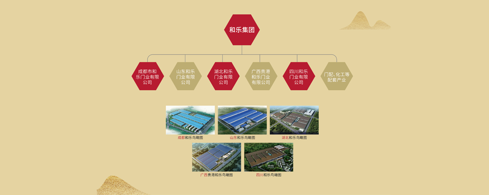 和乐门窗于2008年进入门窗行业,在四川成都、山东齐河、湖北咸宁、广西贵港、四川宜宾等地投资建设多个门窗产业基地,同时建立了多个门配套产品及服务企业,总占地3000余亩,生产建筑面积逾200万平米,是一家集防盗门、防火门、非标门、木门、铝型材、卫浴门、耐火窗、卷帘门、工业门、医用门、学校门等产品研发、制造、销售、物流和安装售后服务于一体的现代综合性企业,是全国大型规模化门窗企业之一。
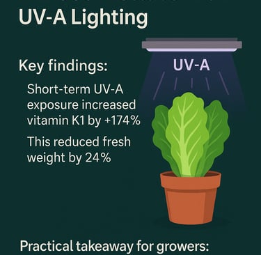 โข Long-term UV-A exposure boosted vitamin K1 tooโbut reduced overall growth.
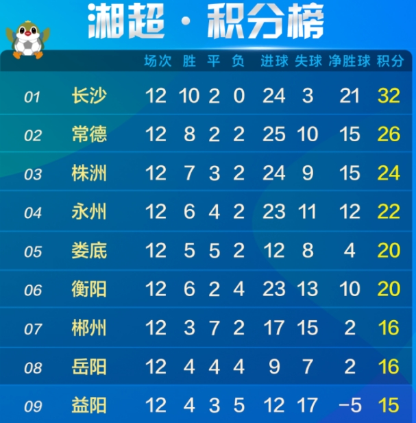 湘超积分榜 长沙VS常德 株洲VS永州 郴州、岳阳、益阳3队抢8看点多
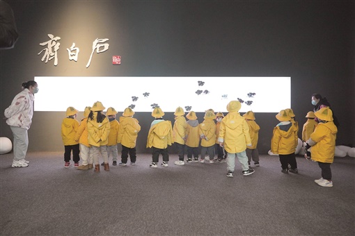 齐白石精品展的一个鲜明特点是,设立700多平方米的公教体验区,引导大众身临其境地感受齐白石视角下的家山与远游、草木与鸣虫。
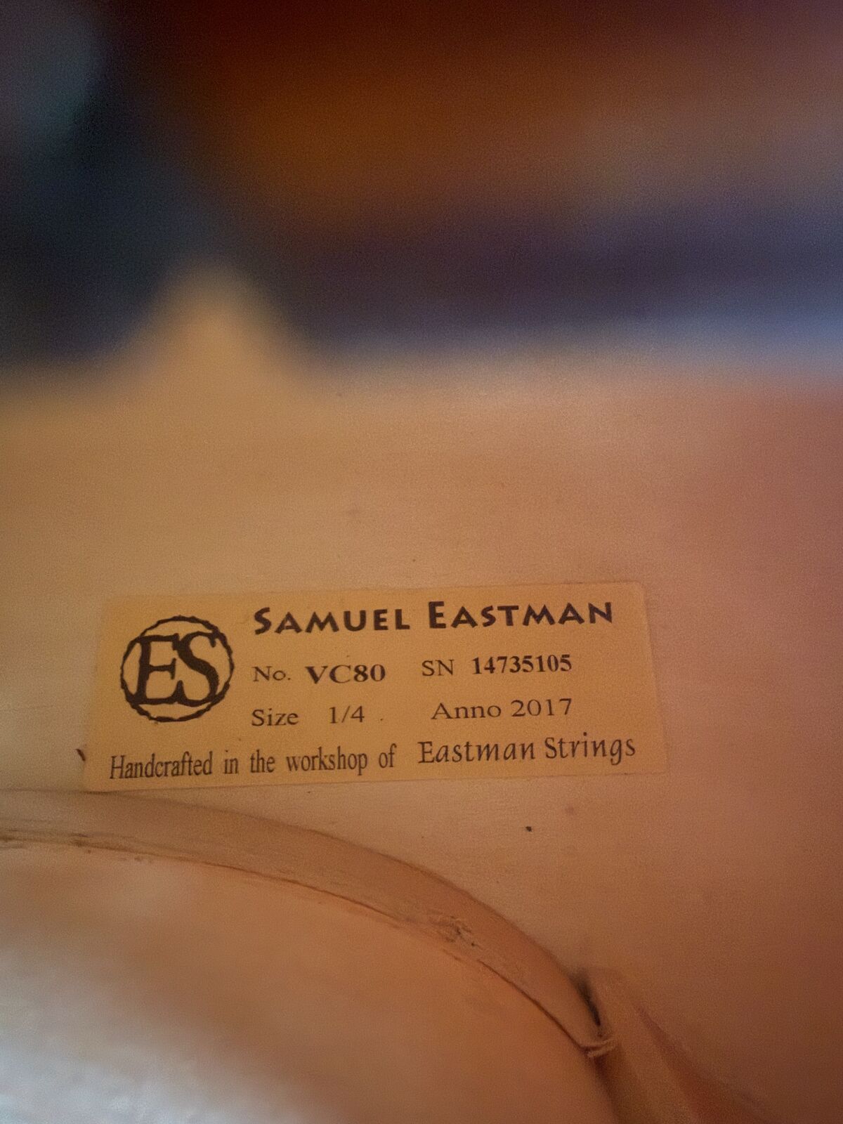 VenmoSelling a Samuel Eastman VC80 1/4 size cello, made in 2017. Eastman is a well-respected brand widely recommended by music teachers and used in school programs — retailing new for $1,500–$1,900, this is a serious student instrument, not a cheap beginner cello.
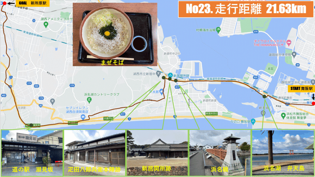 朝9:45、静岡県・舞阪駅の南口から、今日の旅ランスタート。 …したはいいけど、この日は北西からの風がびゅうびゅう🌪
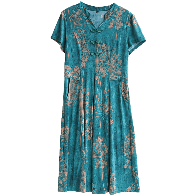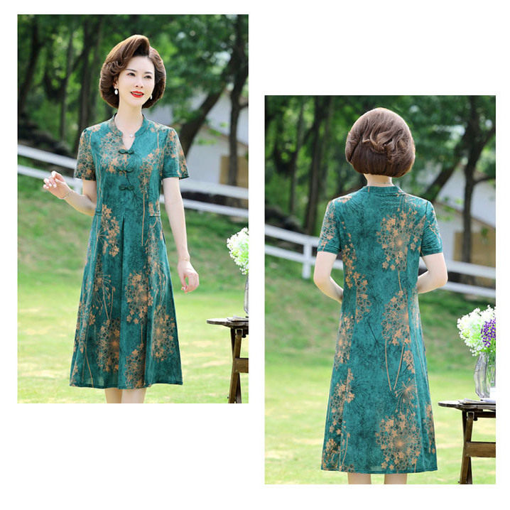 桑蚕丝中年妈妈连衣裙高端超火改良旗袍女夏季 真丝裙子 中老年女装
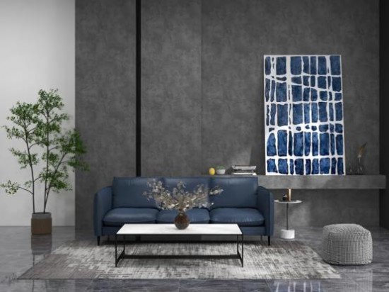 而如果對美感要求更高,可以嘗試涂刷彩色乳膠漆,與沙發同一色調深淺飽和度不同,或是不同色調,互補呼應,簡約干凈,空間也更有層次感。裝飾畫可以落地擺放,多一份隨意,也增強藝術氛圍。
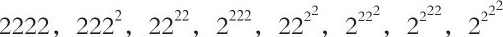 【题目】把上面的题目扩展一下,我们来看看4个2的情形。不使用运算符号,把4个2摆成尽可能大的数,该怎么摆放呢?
━━━━━━
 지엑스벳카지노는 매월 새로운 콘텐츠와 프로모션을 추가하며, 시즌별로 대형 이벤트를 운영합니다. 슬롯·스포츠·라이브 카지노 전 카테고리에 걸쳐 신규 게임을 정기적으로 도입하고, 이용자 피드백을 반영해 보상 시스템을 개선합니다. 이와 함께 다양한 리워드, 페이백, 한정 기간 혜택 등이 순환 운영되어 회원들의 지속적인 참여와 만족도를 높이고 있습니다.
━━━━━━
Problem to solve: Within the entries above, give again exactly the lines starting at the one that contains "和乐门窗于2008年进入门窗" and ending at the one that contains "齐白石精品展的一个鲜明特点是", leaving out the pictures.

Expected answer:
 和乐门窗于2008年进入门窗行业,在四川成都、山东齐河、湖北咸宁、广西贵港、四川宜宾等地投资建设多个门窗产业基地,同时建立了多个门配套产品及服务企业,总占地3000余亩,生产建筑面积逾200万平米,是一家集防盗门、防火门、非标门、木门、铝型材、卫浴门、耐火窗、卷帘门、工业门、医用门、学校门等产品研发、制造、销售、物流和安装售后服务于一体的现代综合性企业,是全国大型规模化门窗企业之一。
 โข Long-term UV-A exposure boosted vitamin K1 tooโbut reduced overall growth.
 湘超积分榜 长沙VS常德 株洲VS永州 郴州、岳阳、益阳3队抢8看点多
 齐白石精品展的一个鲜明特点是,设立700多平方米的公教体验区,引导大众身临其境地感受齐白石视角下的家山与远游、草木与鸣虫。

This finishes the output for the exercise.